YEREVAN (CoinChapter.com) – During the meeting on July 26, the Federal Open Market Committee (FOMC) raised the interest rates by another 25 bps to 5.5%, a 22-year high. Fed Chair Jerome Powell commented that the Fed remains loyal to its goal to reduce inflation to the “acceptable” 2% and will continue to implement a “data-driven approach” to determining its future actions.
The Chair also commented that the “full effects of the monetary policy are yet to be felt,” citing still elevated core inflation. In detail, the core inflation measures the change in the costs of goods and services but does not include those from the food and energy sectors. It stood at 4.8% in June, against the 3% overall CPI.
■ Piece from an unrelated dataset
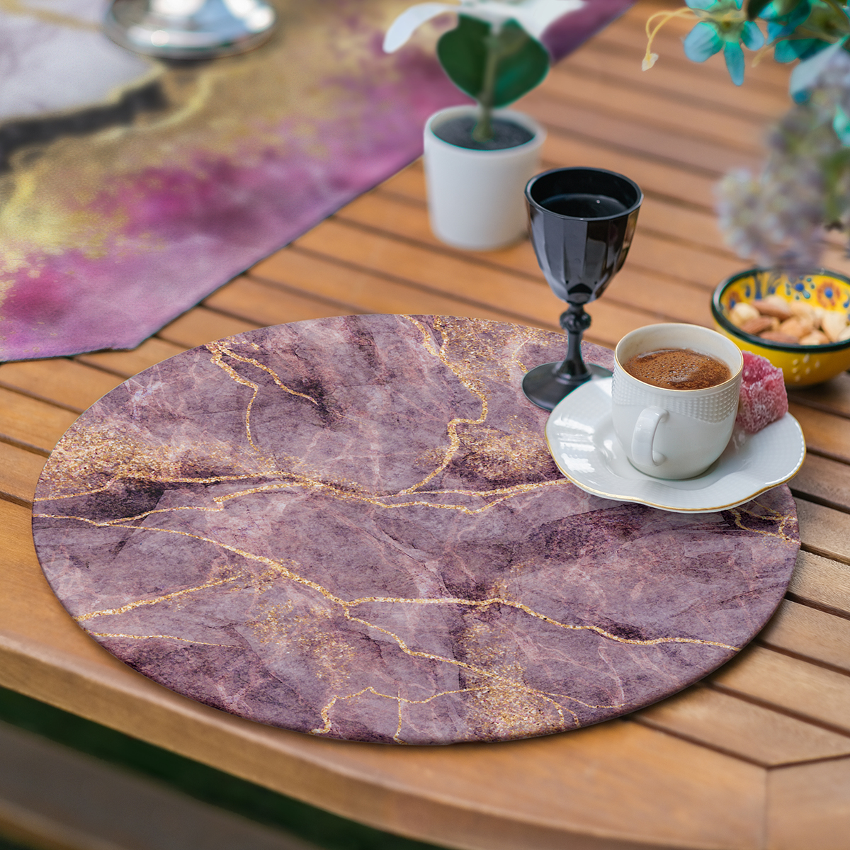 6+1’li Mor Konseptli Mermer Tassarımlı Supla Runner Seti

Core inflation is still pretty elevated. There are reasons to think it can come down now. But it’s still quite elevated, and we think we need to stay on task and hold the policy at restrictive levels for some time. And we need to be prepared to raise further if we think that’s appropriate.said Powell during the press conference.
Powell also pointed to a smattering of strong economic data, as well as a recent inflation report that was better than expected. Some analysts and investors are wagering that this rate hike is indeed the Fed’s last, despite Powell keeping further hikes on the table.
Major indexes such as S&P 500 (SPX) pared some of their earlier gains and are ticking lower after Powell’s press conference.